In Equation (1), we see that our estimates of the LF per [C II] luminosity bin are based on the product of N_[CII],i and the UV-incompleteness correction factor C_UV,i. As such the uncertainty in ϕ_i is given by the usual rule of error propagation for products:

$$\begin{eqnarray}&&\sigma ({\phi }_{i})={\phi }_{i}\sqrt{{\left(\displaystyle \frac{{\delta }_{{N}_{[\mathrm{CII}],i}}}{{N}_{[\mathrm{CII}],i}}\right)}^{2}+{\left(\displaystyle \frac{{\delta }_{{C}_{{UV},i}}}{{C}_{{UV},i}}\right)}^{2}}.\end{eqnarray} \tag{ 4 }$$

The first of the error terms, the fractional error on the number of sources per [CII] bin is derived assuming Poisson statistics and based on the lower and upper 1σ uncertainties tabulated in Gehrels (1986). Due to the relatively small number of sources in all of our bins, this turns out to be the dominant error term. The second term uses the C_UV uncertainties as described above and shown in Figure 2. Recall that ${C}_{{UV},i}=(1/{N}_{[\mathrm{CII}],i}){\sum }_{j=1}^{{N}_{[\mathrm{CII}],i}}{C}_{{UV},j}$, which translates to $\displaystyle \frac{{\delta }_{{C}_{{UV},i}}}{{C}_{{UV},i}}$ = $\tfrac{\sqrt{\sum {\delta }_{{C}_{{UV},j}}^{2}}}{\sum {C}_{{UV},j}}$.
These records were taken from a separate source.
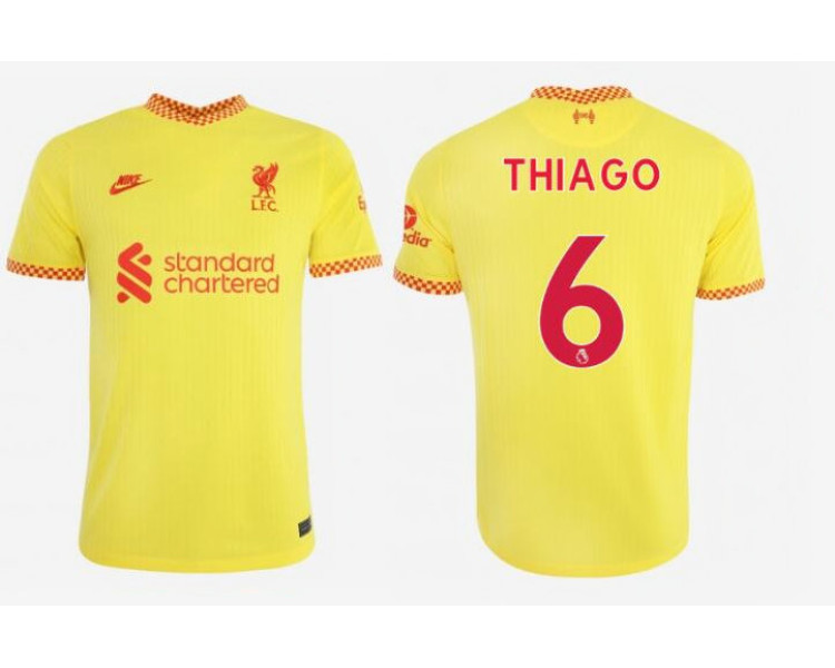 2021/22 Liverpool Third #6 Thiago Alcantara Authentic Yellow Jersey
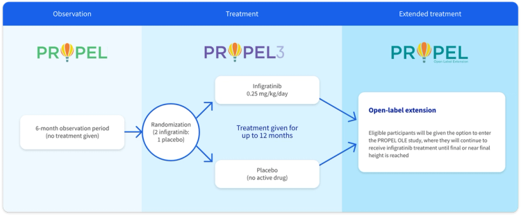 Participants who complete at least 6 months in the PROPEL study may enroll in PROPEL 3. The primary goal of PROPEL 3 is to understand the effect of oral infigratinib on bone growth, as measured by annual height velocity (or AHV). This study will also look at the impact of the investigational treatment on physical functioning and quality of life.2
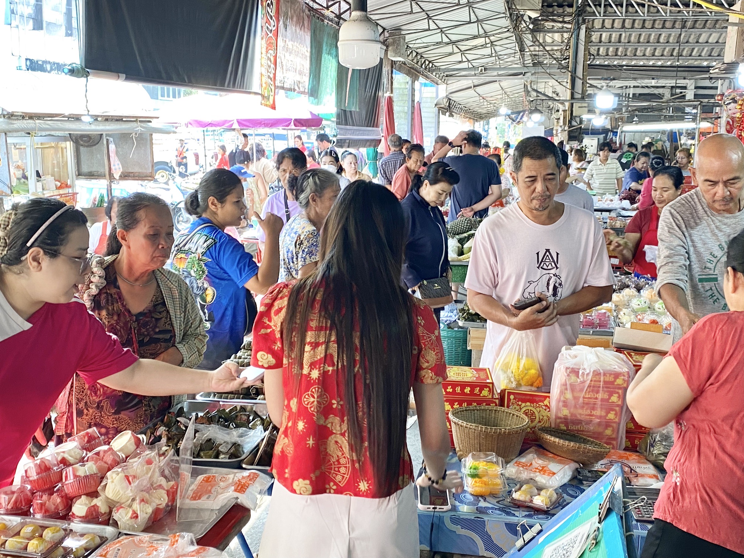 15 กุมภาพันธ์ 2569 ที่บริเวณตลาดสดเทศบาลตําบลคลองใหญ่ บรรยากาศวันจ่ายเทศกาลตรุษจีน ซื้อของไหว้ก่อนเทศกาลตรุษจีน ที่บริเวณภายในตลาดสดเทศบาลตําบลคลองใหญ่ อ.คลองใหญ่ จ.ตราด ซึ่งมีคนไทยเชื้อสายจีนทยอยออกมาจับจ่ายซื้อของเนืองแน่นเต็มตลาดสด ซึ่งมีการจับจ่ายซื้อของเส้นไหว้ประเภท หมู เป็ด ไก่ และผลไม้มงคล เพื่อเตรียมไหว้บรรพบุรุษในเทศกาลตรุษจีน ซึ่งราคาสินค้าเพิ่มขึ้นเป็นบางอย่างแต่ไม่สูงมากนัก เพราะเศรษฐกิจซบเซา และในช่วงนี้กระทบปัญหาชายแดนด้วย ยังมีสินค้าต่างๆมาวางขายด้านในตลาดสดเป็นจํานวนมากอีกด้วย ทําให้พ่อค้าแม่ค้าในตลาดสดคลองใหญ่บางรายต้องใช้ผู้ช่วยขายดีเป็นบางอย่าง เช่น หมู เป็ด ไก่ ขายดีซึ่งทำให้ราคาของสดในท้องตลาดมีราคาไม่สูงมากนักส่วนราคาผลไม้ เช่น องุ่นแดงกิโลละ 160 บาท แก้วมังกรกิโลละ 80 บาท แอปเปิ้ลลูกละ 10 บาท เป็นต้น
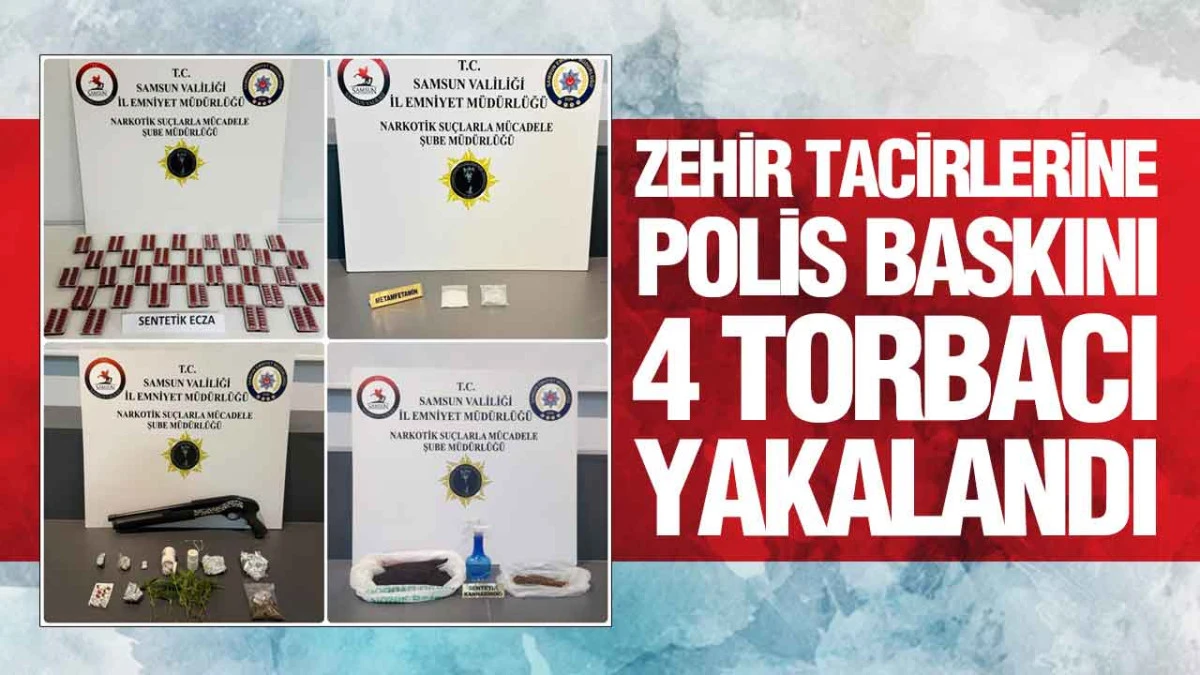 Samsun’da üç ilçede düzenlenen eş zamanlı uyuşturucu operasyonlarında çok sayıda madde ele geçirildi, 4 şüpheli gözaltına alındı. Emniyet yetkilileri, “Uyuşturucuyu tek tek yok edeceğiz” mesajı verdi.

In our method above, we already accounted for the incompleteness of the ALPINE sample relative to its parent sample of M_UV < −20.2 sources. However, there is a second type of incompleteness due to [C II] nondetections. Of the 118 ALPINE targets, 43 sources only have [C II] flux limits, with 22 and 21 objects in the z ∼ 4.5 and the z ∼ 5.5 (optical spectroscopic redshifts) bins, respectively. To account for their maximum potential contribution to the [C II] LFs, we take the nondetections' noise estimates, σ, and assign them a maximum luminosity of 3σ. This is a reasonable upper limit for the nondetections, since the distribution of SNR_peak for nondetections peaks at ∼2 (Béthermin et al. 2020) and the threshold for detection is SNR_peak ∼ 3.5.
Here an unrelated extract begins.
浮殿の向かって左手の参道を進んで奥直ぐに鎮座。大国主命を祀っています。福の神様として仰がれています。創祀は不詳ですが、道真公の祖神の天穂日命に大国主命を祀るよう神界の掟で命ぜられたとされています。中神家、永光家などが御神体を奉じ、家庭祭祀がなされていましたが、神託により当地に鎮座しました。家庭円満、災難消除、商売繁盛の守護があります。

Figure 3 shows the contribution of nondetections to our two lowest luminosity bins. We consider three different measurements of the noise, aggressive (lowest noise), normal, and secure (highest noise) σ, which are described in Section 3.3 in Béthermin et al. (2020). Figure 3 shows that the distribution of 3σ upper limits measured by the secure method is systematically shifted to higher luminosity roughly by 0.2 dex compared to that by the aggressive method. We consider the maximum potential contribution of nondetections to each luminosity bin to come from whichever noise estimate maximizes the number of nondetections in the particular bin (i.e., aggressive method at the lower luminosity bin, and the secure method in the higher luminosity bin). Because the nondetections could in principle lie below the 3σ limit, these are the upper limits. We remind the reader that galaxies that are treated with such upper limits lie exclusively in the lowest two luminosity bins so in all other bins, as we discuss below, our estimates are in fact strict lower limits. In forthcoming figures we show both the LFs computed from the detected sources alone, and those that include the maximum potential contribution from the nondetections.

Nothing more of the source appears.